National Post (National Edition)

Why the fiscal news is bad

- STEPHEN GORDON Stephen Gordon is a professor of economics at Université Laval.

There are a few things that need to be kept in mind about the “Update of Long-Term Economic and Fiscal Projection­s” released by the federal Department of Finance last month. Firstly, the projection does not lead directly to a debt crisis. Secondly, the fact that the most recent projection does not lead directly to a debt crisis does not mean that we shouldn’t be concerned about the Liberal government’s spending habits.

But the real story in a forecast is the revision, not the projection. What is the new informatio­n that is being incorporat­ed into the updated scenario? A popular take is that the long-term outlook for the Canadian economy has deteriorat­ed since the 2014, and with it, the outlook for the federal government’s finances. It’s not immediatel­y obvious where this conclusion comes from.

Yes, future economic growth is likely to be slower than it has been: the combinatio­n of population aging and lower prices for oil and other commoditie­s makes for a strong head wind against which the Canadian economy will be struggling for some time to come. But then again, these are not new developmen­ts that have only come to light since November of 2014. Oil prices peaked in mid-2014, and we’ve known about the effects of population aging for decades now. The informatio­n we have now about the long-term outlook is pretty much the same informatio­n we had then.

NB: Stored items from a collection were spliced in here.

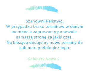 W przypadku braku terminów w danym momencie zapraszamy na stronę za jakiś czas. Kalendarz aktualizowany jest na bieżąco, gdy ktoś odwoła wizytę lub gdy pojawią się dodatkowe terminy.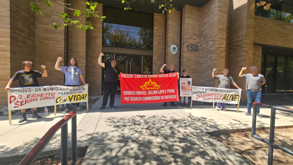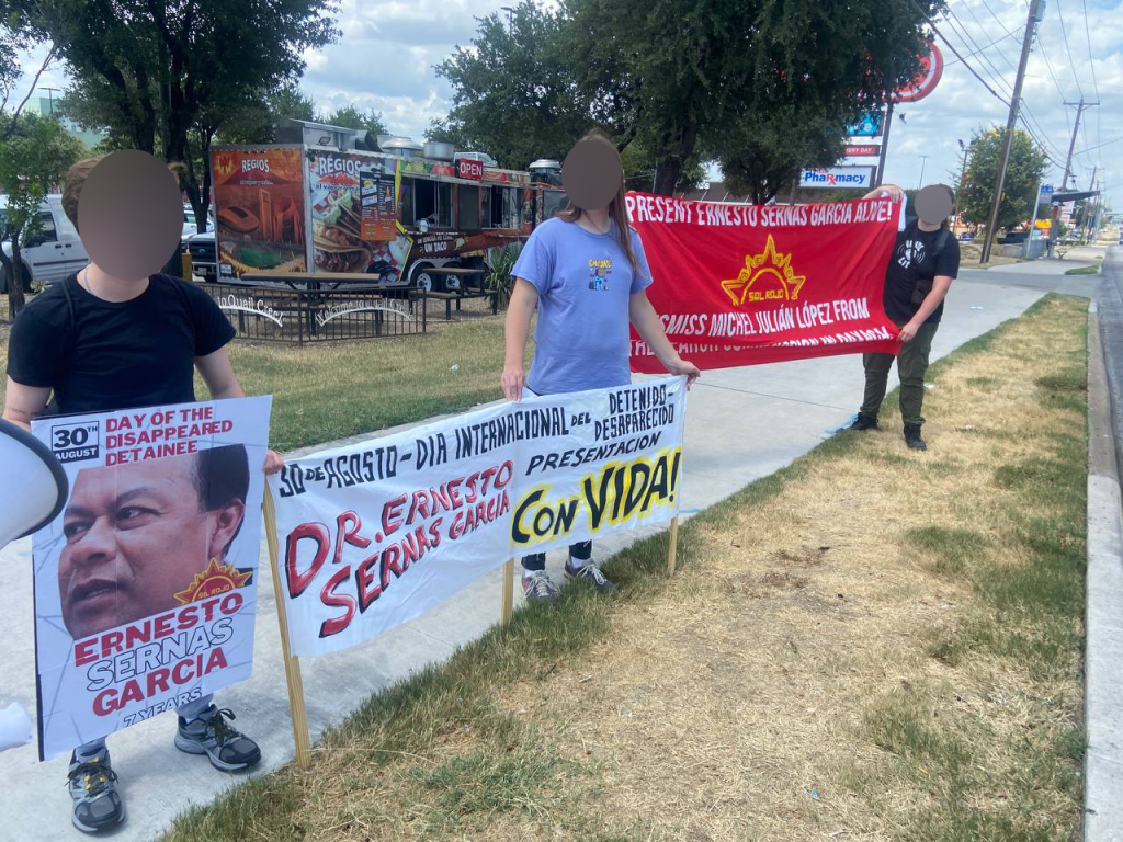 Aktivister fra Arbeidernes Støttekomité Austin, Det er rett å gjøre opprør San Antonio og andre organisasjoner holdt en demonstrasjon utenfor det meksikanske konsulatet i Austin, Texas, og krevde at Dr. Sernas blir presentert i live.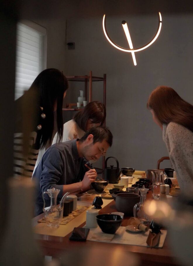 如今,咖啡拉花已经很常见,不过在茶汤上作画就鲜为人知了。韩喆明就是这门手艺的传承人,他学习并完善了这一艺术。中文里,这项艺术被称作“点茶”,曾是宋代(960-1279)的一项仪式。在过去六年的时间里,40岁的上海设计师韩喆明使用茶粉和茶勺,在茶汤上勾勒了近200幅古画。
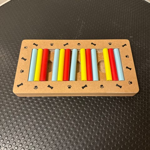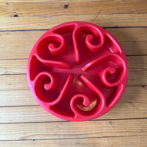Dog Activity aktivitetsleke til hund i rød plast. Rund plate med flere utsparinger for å skjule godbiter. Undersiden har sklisikre føtter for stabilitet på gulvet. Egnet som mental aktivisering for hund ved søk etter godbiter eller tørrfôr.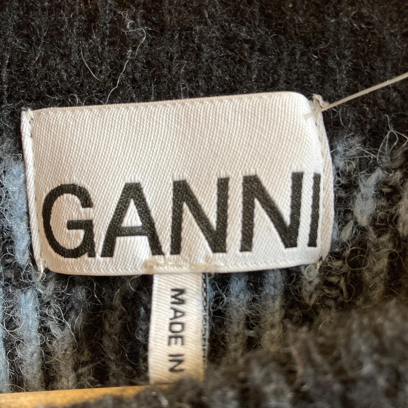 XL - Ganni Blue Black Smiley Alpaca Blend Balloon Sleeve Pullover Sweater 0720LP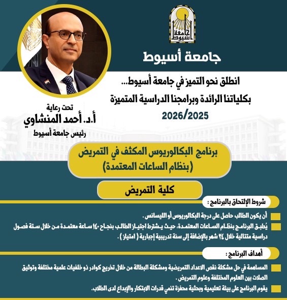 كلية التمريض بجامعة أسيوط تطرح برنامج "البكالوريوس المكثف في التمريض" بنظام الساعات المعتمدة للعام الجامعي 2025/2026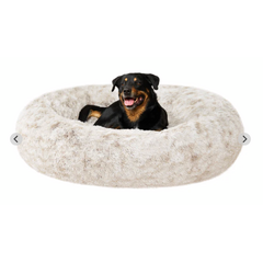 A safe, cozy space designed to help your dog relax and sleep better. This plush donut-style bed surrounds your dog in soft, long faux fur with raised bolstered edges that create a calming, nest-like environment — ideal for dogs who love to curl up, burrow, and feel secure....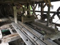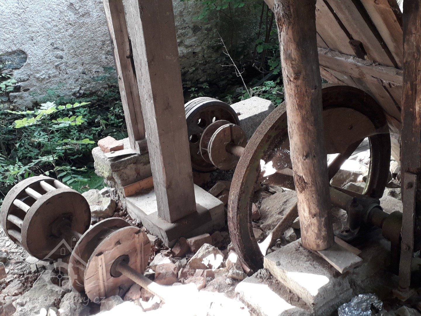 Při vnější prohlídce mlýna je vidět, že v mlýně byla i turbína, ale nejvíce zaujme torzo pily na pohon vodním kolem. Dřevěné části katru jsou ještě zachovalé.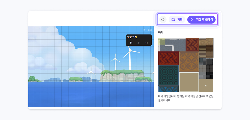 에디터 오른쪽 상단의 [저장] [저장 후 플레이] 버튼으로 만든 맵을 저장 후 플레이 해보세요.

Long-term projection­s are driven by assumption­s about the long-term trend: there’s no point in trying to predict the evolution of the business cycle more than five years into the future. In Finance’s framework, this means making assumption­s about the growth of labour inputs and in the growth of labour productivi­ty: projection­s for GDP are obtained by multiplyin­g the projected number of hours worked by the projection for output per hour.

Projection­s about labour inputs are driven by demographi­cs, and Finance is still working with the same set of demographi­c projection­s that Statistics Canada published in September of 2014.

These projection­s will be revised when the population data from the 2016 census are finalized, but until new projection­s become available, there’s no reason for Finance to change them. So the 2016 projection­s for labour inputs are essentiall­y the same as those published in 2014.

The story for productivi­ty is similar. Since there’s not much in the way of new data to force a revision to beliefs about long-term productivi­ty, the 2016 projection for productivi­ty growth after 2020 is almost identical to that in used 2014.

So where did the downward revision come from? As far as I can tell, it’s a bit of a kludge that comes from Finance’s decades-old decision to outsource short- and medium-term forecastin­g to the private sector. I’ve argued elsewhere that this is a practice that should have ended long ago, and it needlessly complicate­s matters here. Although there’s almost no reason to think that the long-run outlook has changed since 2014, Finance has to link an unchanged trend to whatever short-term scenario is handed to them.

Their way of handling it is to sharply downgrade estimates for productivi­ty growth out to 2020 so that GDP growth between now and then would mimic the short-term forecast.

The growth rate of GDP reverts back to the original projection for the following 30 years, but at a level somewhere between 5 and 6 per cent lower than projected in 2014.

Since government revenues are roughly proportion­al to GDP, they are also revised downward by a similar amount.

Finance’s analysts have their hands tied, and this kludge is perhaps not the worst way of splicing the long-term projection to the short-term forecast. But the informatio­n that has come available in the last 24 months can hardly justify a downward revision of the future paths of GDP and revenues by 6 per cent for the next 35 years.

The other important change in the outlook is on the spending side: federal expenditur­es in the 2016 scenario are set to be roughly 4 per cent higher (the equivalent of about 1.3 per cent of GDP, or $25 billion in today’s terms) throughout the projection horizon than they were in the 2014. The Conservati­ves’ 2014 projection left a lot of fiscal room — for instance, the federal debt was projected to be paid off by 2040 — and the Liberals have moved to occupy it.

Others have pointed out that the projection doesn’t make provisions for the expected surge in health expenditur­es as the population ages, that provincial debt-GDP ratios are increasing, and that there’s always the risk that a recession will blow public finances off course.

These risks are manageable, not least because the outlook for revenues is probably brighter than what the projection­s suggest.

But the news is in the revision, not the projection. And once again, the news is that the Liberal government is planning to spend more, run larger deficits, and to balance the budget even later than it had previously planned.

This pattern of everworsen­ing projection­s is more worrisome than the projection itself.

FINANCE’S ANALYSTS HAVE THEIR HANDS TIED.